**Problem to work on**
What is printed must match, line for line, the records from their first line through the line containing "Dreaming of lush", with pictures left out.

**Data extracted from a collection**

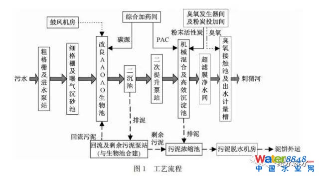 (3)深度處理工藝采用混凝+高密度沉淀池+超濾膜+臭氧工藝。該工藝集化學除磷、高效去除殘余SS和COD、脫色、消毒等多種功能于一體。
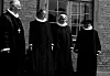 PRESTER: Den 28. april 1948 ble Johanne Andersen, Ruth Vermehren og Edith Brenneche-Petersen ordinert som de første kvinnelige prester i Danmark. Biskop Hans Øllgaard (til venstre) skrev kirkehistorie.
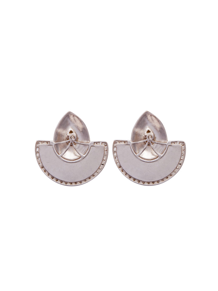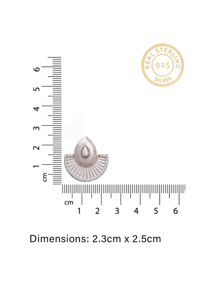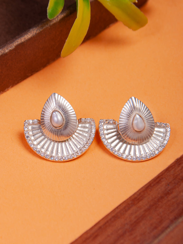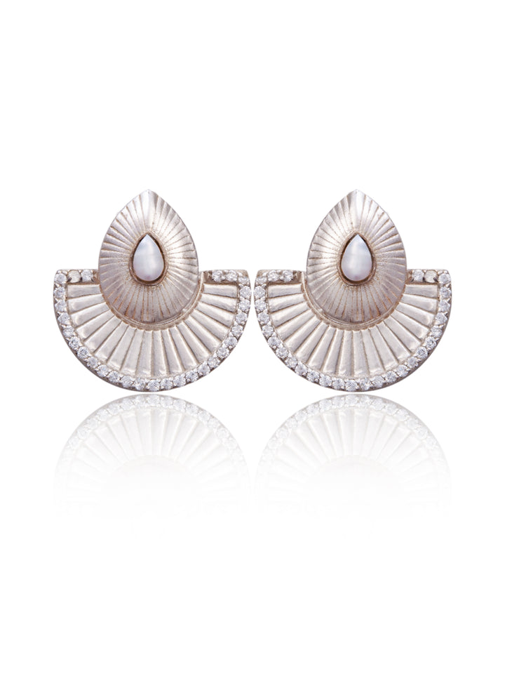 Introducing the Pearl Dazzle Duo - the perfect earring for every occasion! Made with 925 Sterling Silver, this unique earring features a stunning Pear Shaped Silver Handcarved motif with a Pear shaped Pearl Gemstone and a U shaped Silver Handcarved motif adorned with CZ diamonds all around.
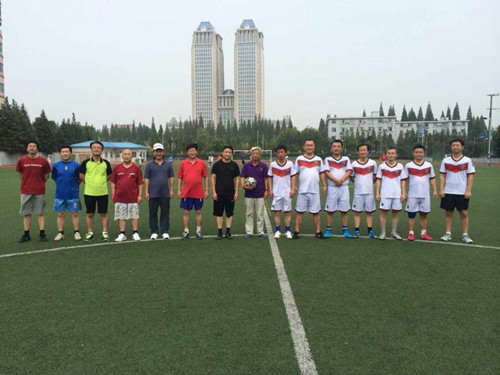 金秋送爽,人欢脚忙!2014年9月27日,外文学院韩文系组织举办了“上海地区韩文系教师足球友谊赛”。来自上海外国语大学、上海商学院和上海海洋大学的韩文系教师及韩国外教一行15人在邯郸路足球场进行了一场别开生面的球技竞赛。球队老中青结合、中外籍联手,争的是足球,赛的是友谊,比的是球技,胜的是友爱。在一派其乐融融的气氛中,大家挥洒着热情,激活着斗志,热热闹闹、欢欢喜喜地在绿茵场上潇洒了一回。
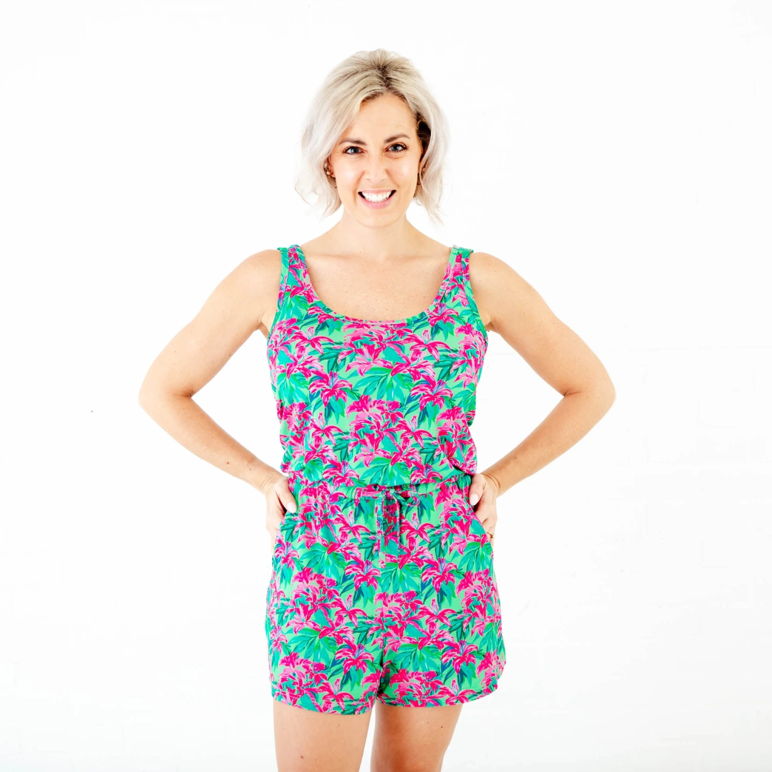 Dreaming of lush tropical plants and the vibrant colors of Hawaii! Your search for the perfect bamboo daywear piece stops right here! Our Women’s Everyday Romper features tank sleeves with a functional drawstring waist and shorts with pockets. This romper is perfect for coordinating with your little cuties!
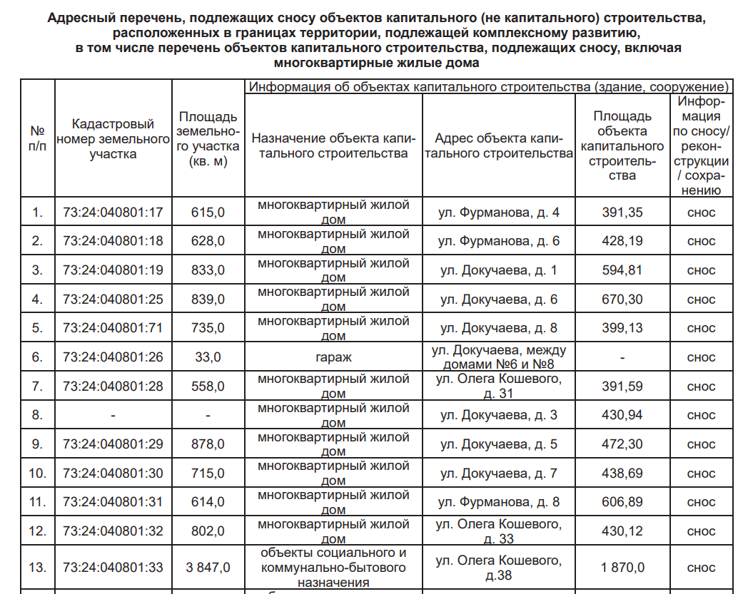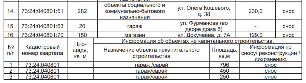 Как ранее писал 73online.ru, застройщика определят путем проведения открытого аукциона. Согласно проекту решения, он должен обеспечить за свой счет разработку документации по планировке территории, взяв за основу согласованный мастер-план, подготовку проектной документации на снос объектов капитального строительства, возведение домов (не более 16 этажей), дошкольного учреждения (не менее 60 мест), парковки. Также потребуется создать или приобрести жильё, чтобы предоставить его гражданам взамен освобождённых помещений. Указывается, что площадь новых квартир должна быть не меньше прежних. Планируемый срок расселения и строительства – десять лет.
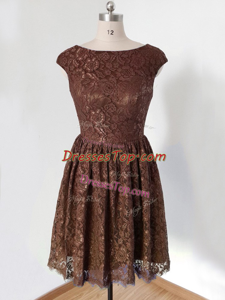 Discount Knee Length Brown Damas Dress Lace Cap Sleeves Lace
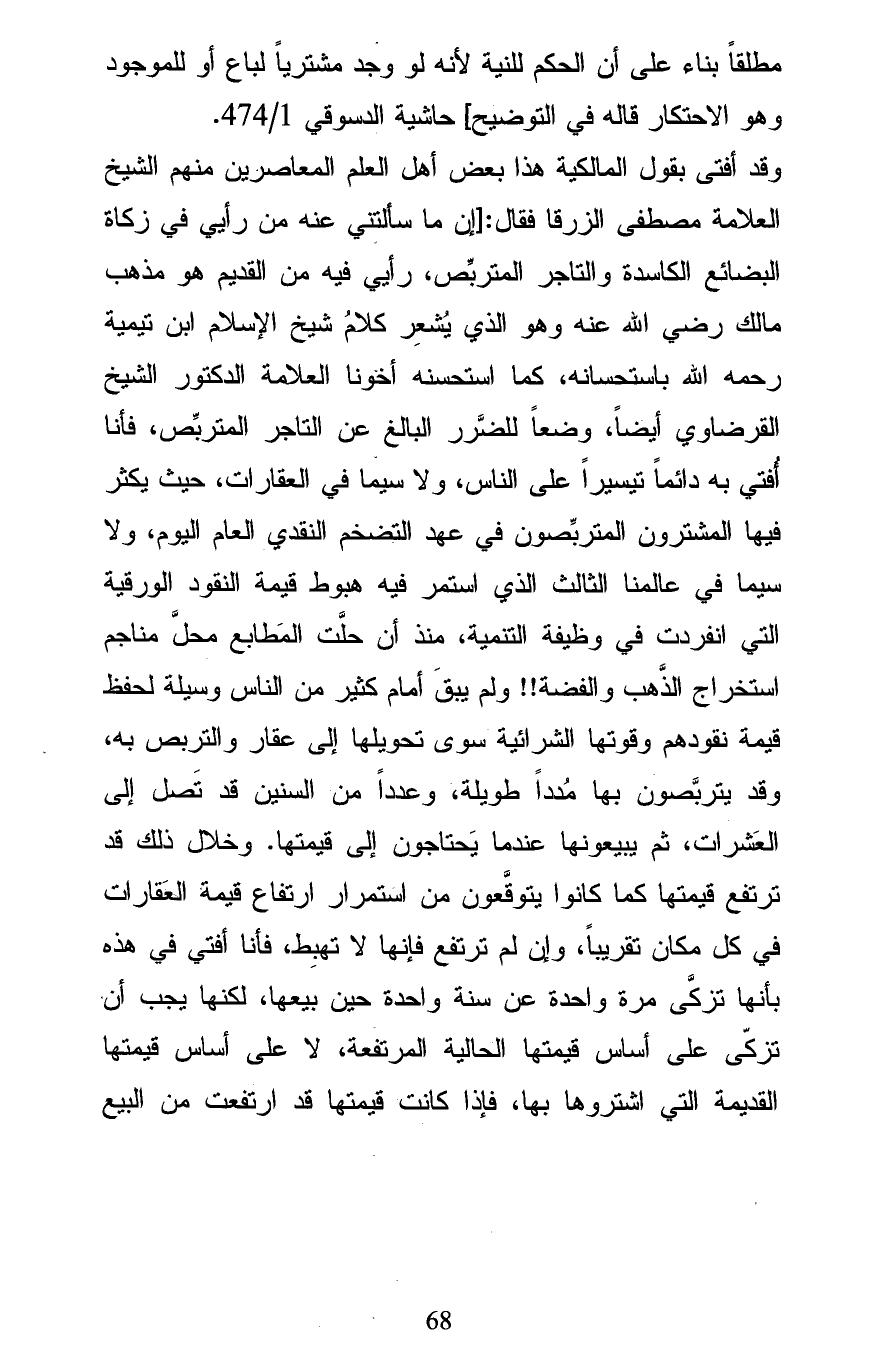 وقد أفتى بقول المالكية هذا بعض أهل العلم المعاصرين منهم الشيخ العلامة مصطفى الزرقا فقال: [إن ما سألتني عنه من رأيي في زكاة البضائع الكاسدة والتاجر المتربِّص، رأيي فيه من القديم هو مذهب مالك رضي الله عنه وهو الذي يُشعِر كلامُ شيخ الإسلام ابن تيمية رحمه الله باستحسانه، كما استحسنه أخونا العلامة الدكتور الشيخ القرضاوي أيضاً، وضعاً للضَّرر البالغ عن التاجر المتربِّص، فأنا أُفتي به دائماً تيسيراً على الناس، ولا سيما في العقارات، حيث يكثر فيها المشترون المتربِّصون في عهد التضخم النقدي العام اليوم، ولا سيما في عالمنا الثالث الذي استمر فيه هبوط قيمة النقود الورقية التي انفردت في وظيفة التنمية، منذ أن حلَّت المَطابع محلَّ مناجم استخراج الذَّهب والفضة!! ولم يبقَ أمام كثير من الناس وسيلة لحفظ قيمة نقودهم وقوتها الشرائية سوى تحويلها إلى عقار والتربص به، وقد يتربَّصون بها مُدداً طويلة، وعدداً من السنين قد تَصل إلى العَشرات، ثم يبيعونها عندما يَحتاجون إلى قيمتها. وخلال ذلك قد ترتفع قيمتها كما كانوا يتوقَّعون من استمرار ارتفاع قيمة العَقارات في كل مكان تقريباً، وإن لم ترتفع فإنها لا تهبِط، فأنا أفتي في هذه بأنها تزكَّى مرة واحدة عن سنة واحدة حين بيعها، لكنها يجب أن تزكّى على أساس قيمتها الحالية المرتفعة، لا على أساس قيمتها القديمة التي اشتروها بها، فإذا كانت قيمتها قد ارتفعت من البيع

**Answer**
 (3)深度處理工藝采用混凝+高密度沉淀池+超濾膜+臭氧工藝。該工藝集化學除磷、高效去除殘余SS和COD、脫色、消毒等多種功能于一體。
 PRESTER: Den 28. april 1948 ble Johanne Andersen, Ruth Vermehren og Edith Brenneche-Petersen ordinert som de første kvinnelige prester i Danmark. Biskop Hans Øllgaard (til venstre) skrev kirkehistorie.
 Introducing the Pearl Dazzle Duo - the perfect earring for every occasion! Made with 925 Sterling Silver, this unique earring features a stunning Pear Shaped Silver Handcarved motif with a Pear shaped Pearl Gemstone and a U shaped Silver Handcarved motif adorned with CZ diamonds all around.
 金秋送爽,人欢脚忙!2014年9月27日,外文学院韩文系组织举办了“上海地区韩文系教师足球友谊赛”。来自上海外国语大学、上海商学院和上海海洋大学的韩文系教师及韩国外教一行15人在邯郸路足球场进行了一场别开生面的球技竞赛。球队老中青结合、中外籍联手,争的是足球,赛的是友谊,比的是球技,胜的是友爱。在一派其乐融融的气氛中,大家挥洒着热情,激活着斗志,热热闹闹、欢欢喜喜地在绿茵场上潇洒了一回。
 Dreaming of lush tropical plants and the vibrant colors of Hawaii! Your search for the perfect bamboo daywear piece stops right here! Our Women’s Everyday Romper features tank sleeves with a functional drawstring waist and shorts with pockets. This romper is perfect for coordinating with your little cuties!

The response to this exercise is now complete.